TASK TO COMPLETE
The expected output is the line with "В этот раз участниками" plus all lines after it to the end of the material below, reproduced exactly, with pictures omitted and nothing else included.

COLLECTED MATERIAL
───
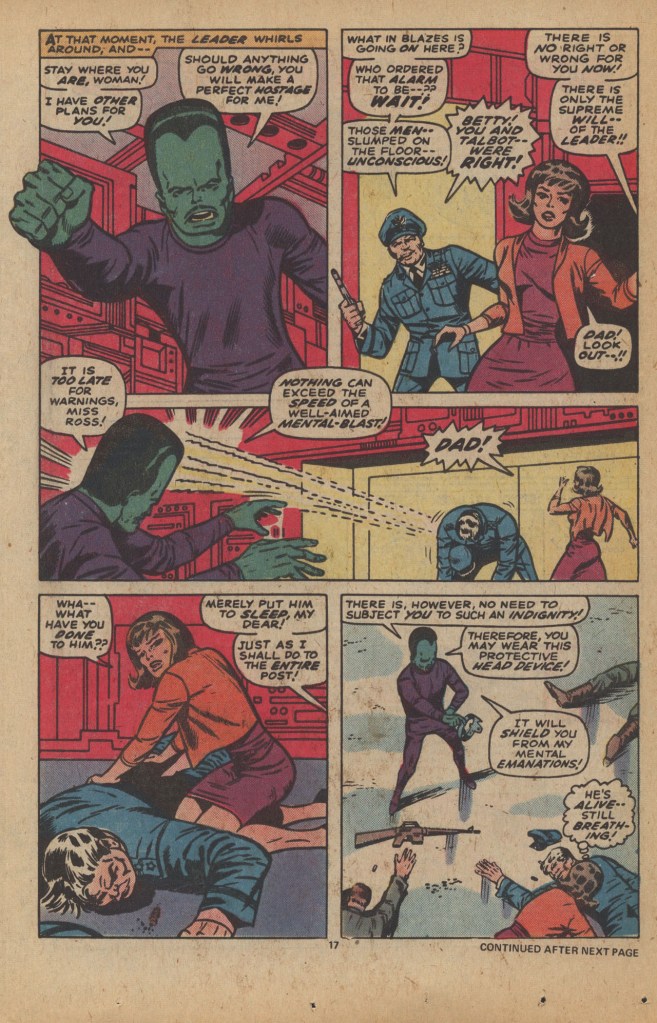 But this is too little too late, as the Leader and the Humanoid have little difficulty in mopping the floor with the crack troops that show up in response to the alert. T-Bolt Ross sows up too, pissed off and wanting to know what’s going on, but the leader simply mind-blasts him. But perhaps needing an audience, he gives Betty Ross a headpiece that will shield her from the mesmerizing effect that he sets off across the base, putting all of its defenders to sleep.
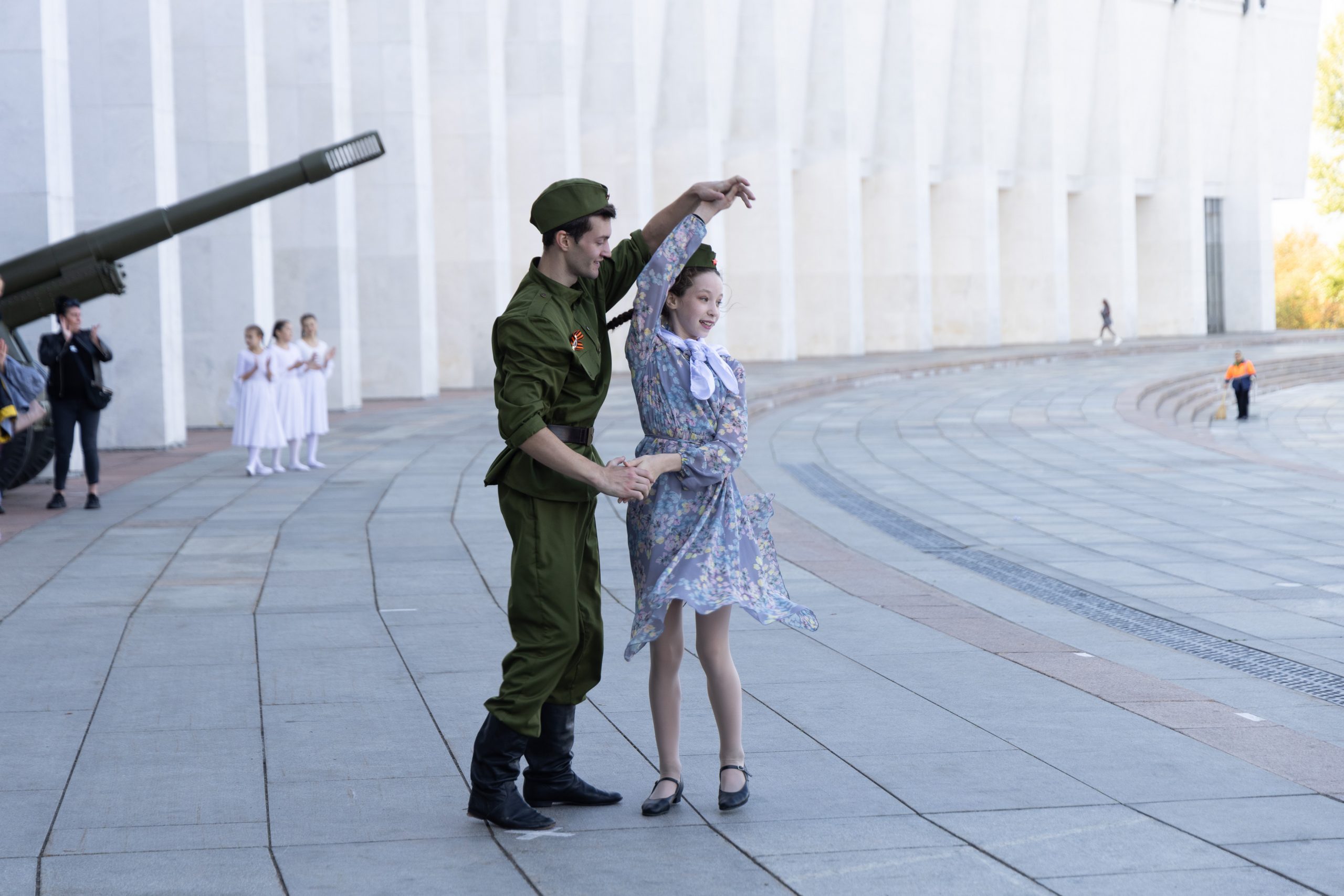 В этот раз участниками музыкальной программы в колоннаде Музея Победы стали представители театра танца «Волшебный мир» и певец Марк Мазепа, заслуженная артистка России Варвара, а также ансамбль русской песни «Бабкины внуки». Участники последнего не только выступили перед гостями музея, но и побывали на экскурсии по уникальной иммерсивной экспозиции «Подвиг Народа».
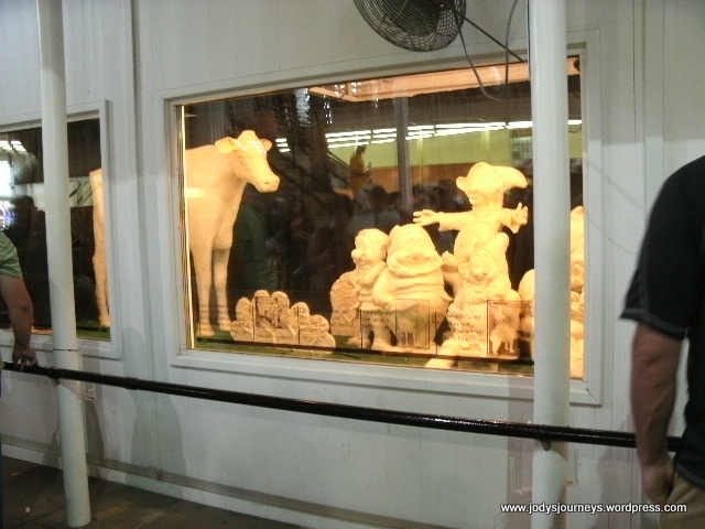 I will end on a happy note with the below picture of the life-sized butter cow and the 7 dwarfs all carved into butter by the butter cow lady who happens to be a local family that just keeps handing down the tradition through the generations.
───
WRITTEN SOLUTION
 В этот раз участниками музыкальной программы в колоннаде Музея Победы стали представители театра танца «Волшебный мир» и певец Марк Мазепа, заслуженная артистка России Варвара, а также ансамбль русской песни «Бабкины внуки». Участники последнего не только выступили перед гостями музея, но и побывали на экскурсии по уникальной иммерсивной экспозиции «Подвиг Народа».
 I will end on a happy note with the below picture of the life-sized butter cow and the 7 dwarfs all carved into butter by the butter cow lady who happens to be a local family that just keeps handing down the tradition through the generations.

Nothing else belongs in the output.